Honda Fumika, Tsuboi Hiroto, Toko Hirofumi, Ohyama Ayako, Takahashi Hidenori, Abe Saori, Yokosawa Masahiro, Asashima Hiromitsu, Hagiwara Shinya, Hirota Tomoya, Kondo Yuya, Matsumoto Isao, Sumida Takayuki
Department of Internal Medicine, Faculty of Medicine, University of Tsukuba, Japan.
Intern Med. 2017 Dec 15;56(24):3373-3377. doi: 10.2169/internalmedicine.9205-17. Epub 2017 Oct 11.
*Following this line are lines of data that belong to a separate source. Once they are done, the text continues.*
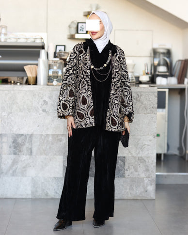 A refined 3-piece velvet set designed for elevated occasions and elegant evenings. This set features a tailored embroidered velvet jacket layered over a matching inner top and straight-cut pants. The intricate silver embroidery adds depth and contrast to the rich black velvet, creating a powerful yet graceful look that balances structure with fluidity.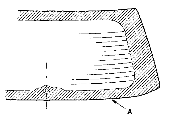 9. If the old rear window will be reinstalled, use a putty knife to scrape off all of the old adhesive and rubber dam from the rear window. Clean the shaded portion of the rear window (A) with alcohol where new adhesive is to be applied. Make sure the bonding surface is kept free of water, oil and grease.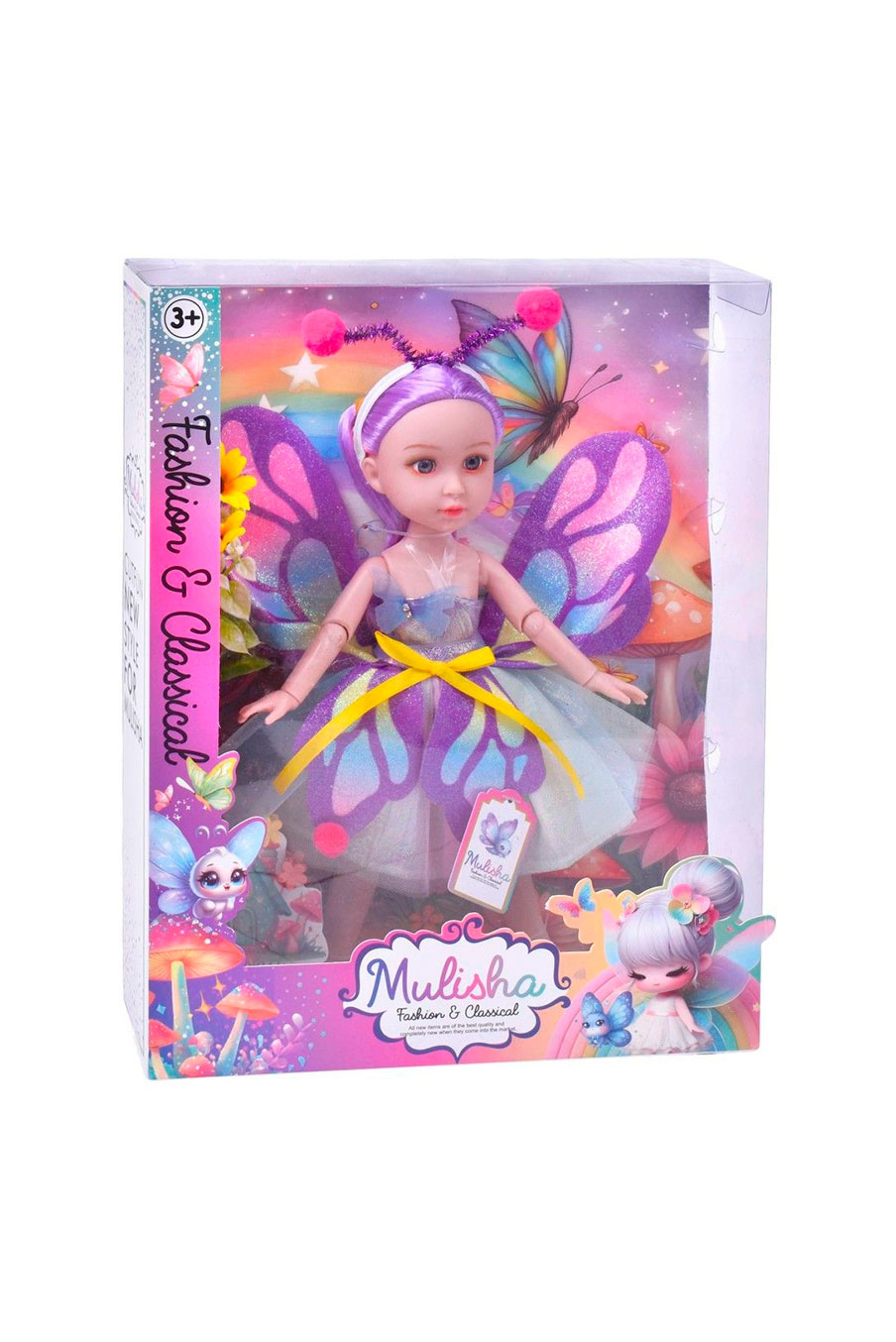 Boneca Mulisha Fairy — uma encantadora boneca fada com asas brilhantes e vestido cheio de glitter. Ideal para estimular a imaginação e recriar histórias mágicas de fantasia.

Kikuchi-Fujimoto disease (KFD) is a benign disease of unknown etiology characterized by lymphadenopathy and a fever. For the majority of patients with KFD, the course is self-limited; however, the optimum method of managing recurrent cases has not yet been established. We herein report a case of a 42-year-old Japanese woman with KFD (confirmed by a lymph node biopsy). Although high-dose prednisolone (PSL) rapidly induced remission, she experienced four recurrences on treatment tapering. Concomitant use of hydroxychloroquine (HCQ) with low-dose PSL induced continuous remission. This is the first case to suggest the effectiveness of HCQ for recurrent KFD in a Japanese patient.
菊池-藤本病(KFD)是一种病因不明的良性疾病,其特征为淋巴结病和发热。对于大多数KFD患者而言,病程呈自限性;然而,复发病例的最佳治疗方法尚未确立。我们在此报告一例42岁日本女性KFD患者(经淋巴结活检确诊)。尽管大剂量泼尼松龙(PSL)迅速诱导缓解,但在逐渐减药治疗过程中她经历了4次复发。低剂量PSL联合使用羟氯喹(HCQ)诱导持续缓解。这是首例提示HCQ对日本KFD复发病例有效的病例。